The Bigamist (1942)
Appreciation.
3 January 2002
Warning: Spoilers
**SPOILERS** One of my favorite movies made during Italy's fascist era is Blasetti's FOUR STEPS IN THE CLOUDS. A better translation of the Italian idiom "quattro passi" would make it "A Stroll in the Clouds." The story is about hen-pecked husband Paolo(Gino Cervi) who doesn't seem particularly blissed-out in his marriage to a shrewish Giuditta Rissone. He is a candy salesman and one day while off on his rounds he meets on a train a seemingly distraught young girl, Maria (the lovely Adriana Benetti), who cannot find her ticket and who is given a hard time by the obnoxious conductor (amusingly played by Lauro Gazzolo).

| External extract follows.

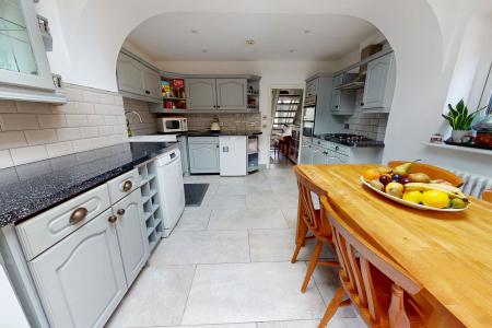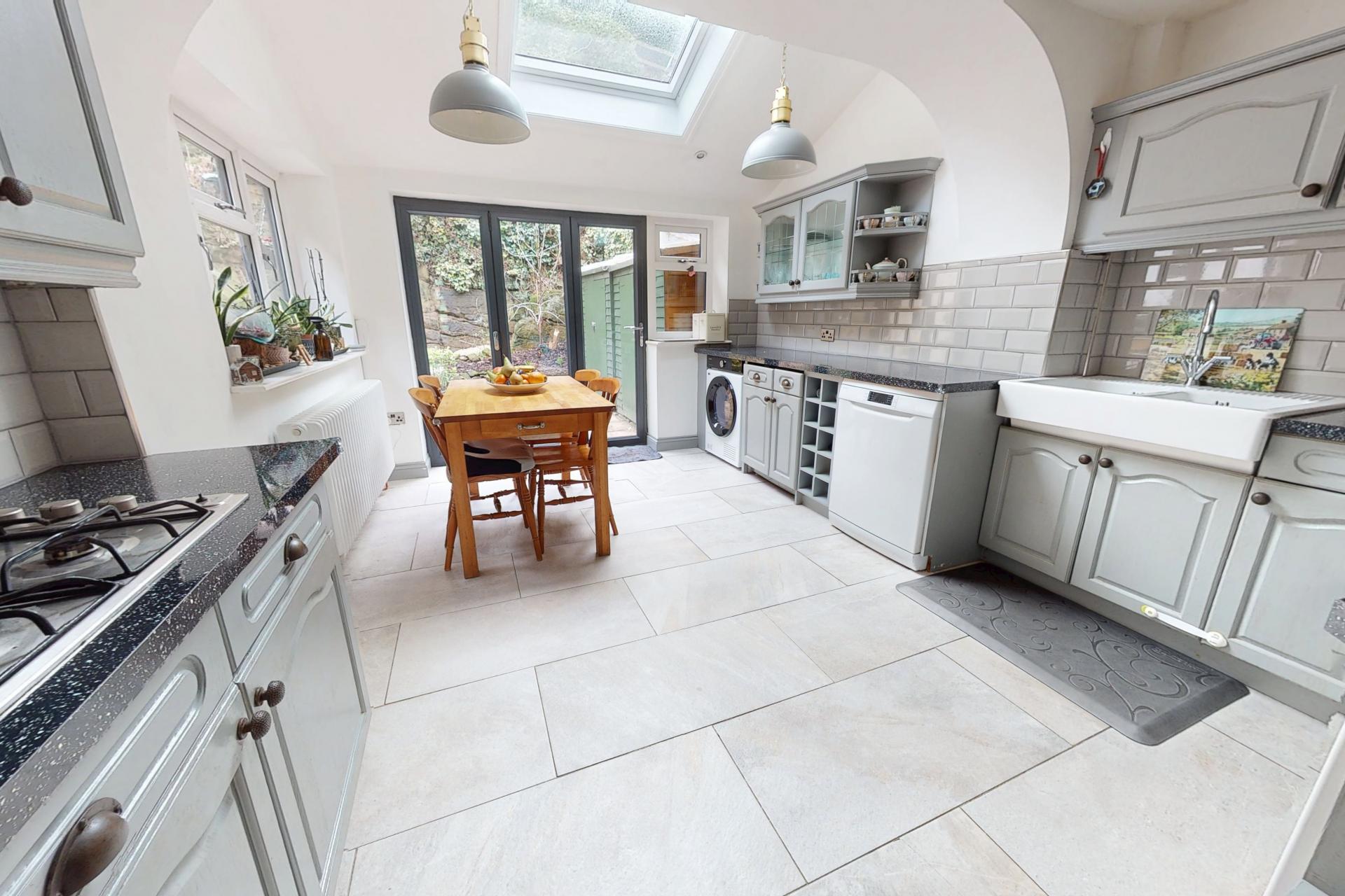 With range of wall and base units and work surfaces with Belfast sink. Four-ring gas hob with extractor hood above. Integrated electric double oven and space and plumbing for appliances. Dining area and glazed lightweight titanium bi-folding doors lead to the garden. Under-floor heating with timer.

Later the two meet again, continuing their journey by country bus. The girl looks forlornly out the window. When the jovial clown of a bus driver announces the birth of his son, Maria appears even sadder. Paolo discerns that she too is going to have a baby, out of wedlock. The bus goes off the road. The girl continues home on foot. She begs the amiable Paolo to accompany her and pretend he is her husband...until she can reveal the truth to her parents. Paolo reluctantly consents, anticipates problems, but he charitably disposed to this nice girl in trouble.

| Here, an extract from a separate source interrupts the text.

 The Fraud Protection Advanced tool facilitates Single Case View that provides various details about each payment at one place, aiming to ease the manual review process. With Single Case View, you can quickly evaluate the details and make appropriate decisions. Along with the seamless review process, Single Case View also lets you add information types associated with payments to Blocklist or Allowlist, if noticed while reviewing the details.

At the girl's family's farm-home, the "couple" reveal that they are "married." At first angry, the parents soon accept the two. They insist Paolo remain a while when he says he must be off on business. The two must share a bedroom as a married couple. Paolo does the decent thing and sneaks into the barn to sleep in a haystack among the chickens. Inevitably, the truth is revealed, the enraged father is ready to send the dishonoring daughter away, but Paolo is able to convince him to show mercy to her, keep her at home, love his future grandchild.

Paolo leaves, goes back to the city and his shrill and unloving spouse, glad to be out of this scrape, yet regretful that this idyllic little "stroll in the clouds" of happiness that might-have-been is lost, and that something beautiful and wondrous is gone, perhaps the only moments of true and genuine love he may ever have known. In a stirring final image, we see him warming milk for his own child, clasping his head in a bit of anguish as the lid of the pan falls to the floor. It is an oddly sad final image to a wise, funny, but ultimately melancholy film.

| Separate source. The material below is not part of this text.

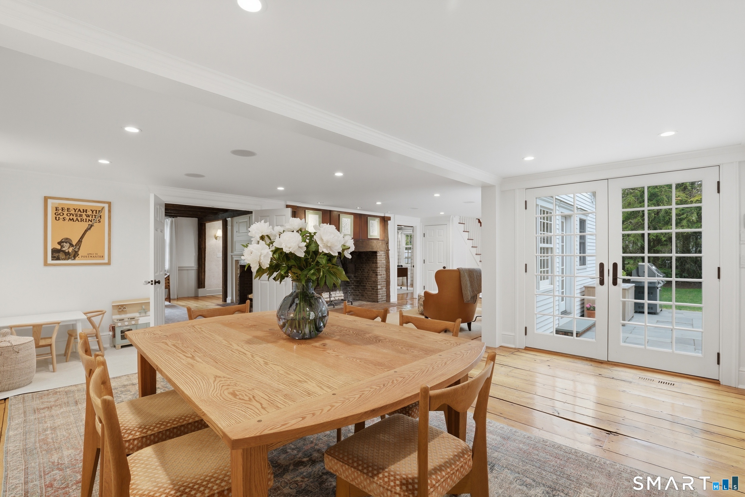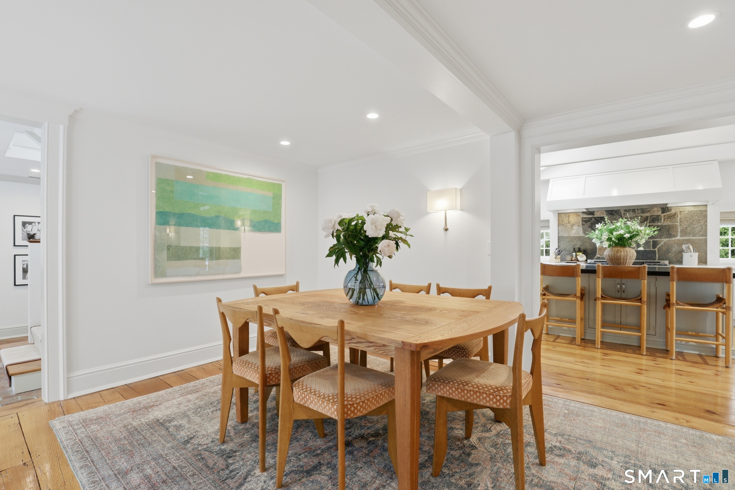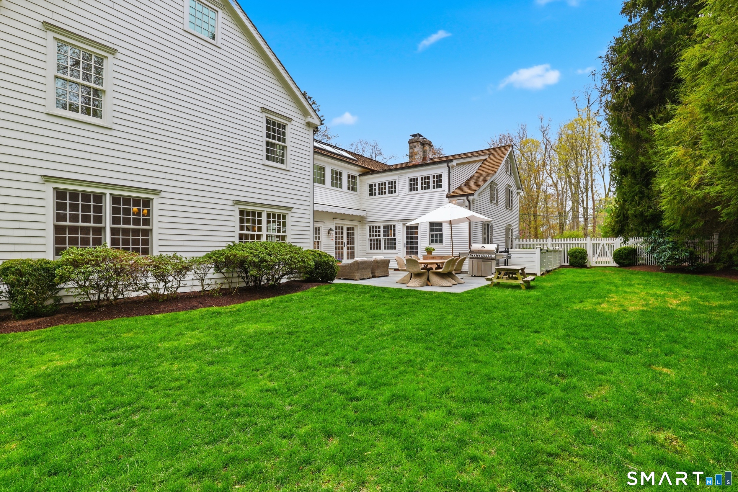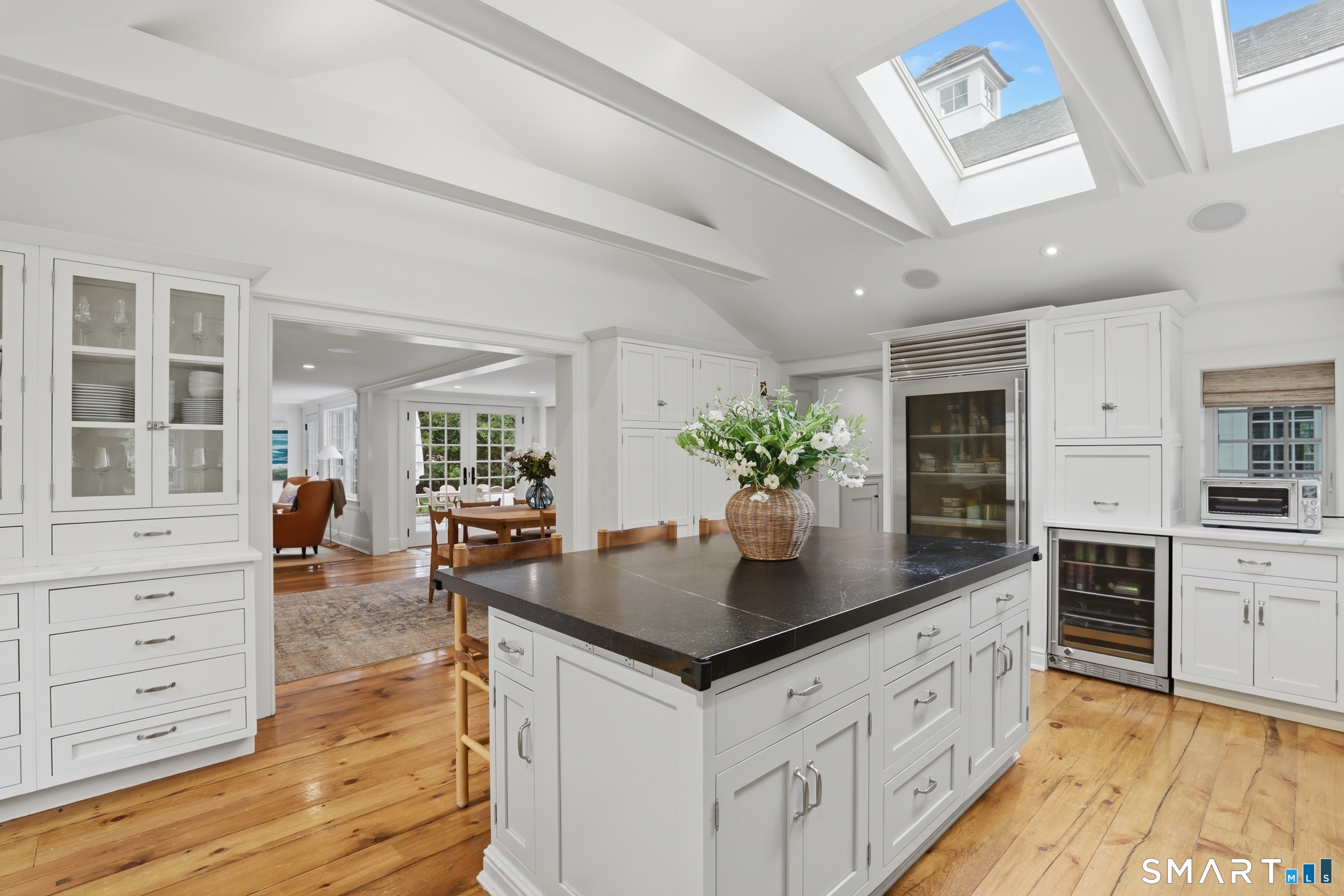 Thoughtfully renovated and expanded, this remarkable five-bedroom, four-and-a-half bath Colonial offers a refined blend of historic character and modern sophistication. Reimagined by acclaimed architect Bo Malpass, the home showcases original details like exposed antique beams, wide plank wood floors, stone fireplaces, and brick accents, all complemented by a refined, cohesive design with timeless finishes throughout. Light-filled interiors flow effortlessly, anchored by a stunning marble kitchen and tastefully updated baths, creating an inviting setting for both everyday living and elevated entertaining. French doors enhance the connection to the outdoors while filling the home with natural light. The spacious primary suite is paired with beautifully appointed secondary bedrooms, offering both comfort and easy livability. Set on private, professionally landscaped grounds with a pool, the property enjoys a prime location close to town, train, beaches, Great Island, and Darien's highly regarded schools. A truly special offering, this turnkey home effortlessly blends historic character with modern refinement.

Telling its story does not do justice to this film. One must experience the tone of the piece, the wonderfully observed little details, the interplay among a group of talented performers and bit-players. The scene on the bus with its madcap singing by a group of zany passengers, complete with impromptu trumpet-playing, suggests some future Fellini set-pieces. Carlo Romano as the exuberant driver cracks me up each time I watch this movie. Special mention must also go to Giacinto Molteni as the checker-playing, candy-sample-pilfering grandfather. He is priceless. His comment on the tribulations of old age is the great line, "The old ought to be killed while they are young."

Director Alessandro Blasetti was responsible for many of the best films of the fascist era including LA CENA DELLE BEFFE, ETTORE FIERAMOSCA, UN'AVVENTURA DI SALVATOR ROSA as well as post-war gems like PRIMA COMUNIONE and ALTRI TEMPI. Collaborating screenwriter was Cesare Zavattini, who was responsible for scripting many of De Sica's best movies.

The movie was remade by Mario Soldati in 1956 as the French-Italian SOUS LE CIEL DE PROVENCE/ERA DI VENERDI'17/THE VIRTUOUS BIGAMIST with Fernandel, and with Keanu Reeves in 1995 as A WALK IN THE CLOUDS. The movie was made the same year as Visconti's landmark OSSESSIONE. While that film was grim and fatalistic, the melancholy mood of this piece does admit of more hope and life-affirmation. It is a knowing and humane picture, and everyone I know who has had the good fortune to see it, loves it.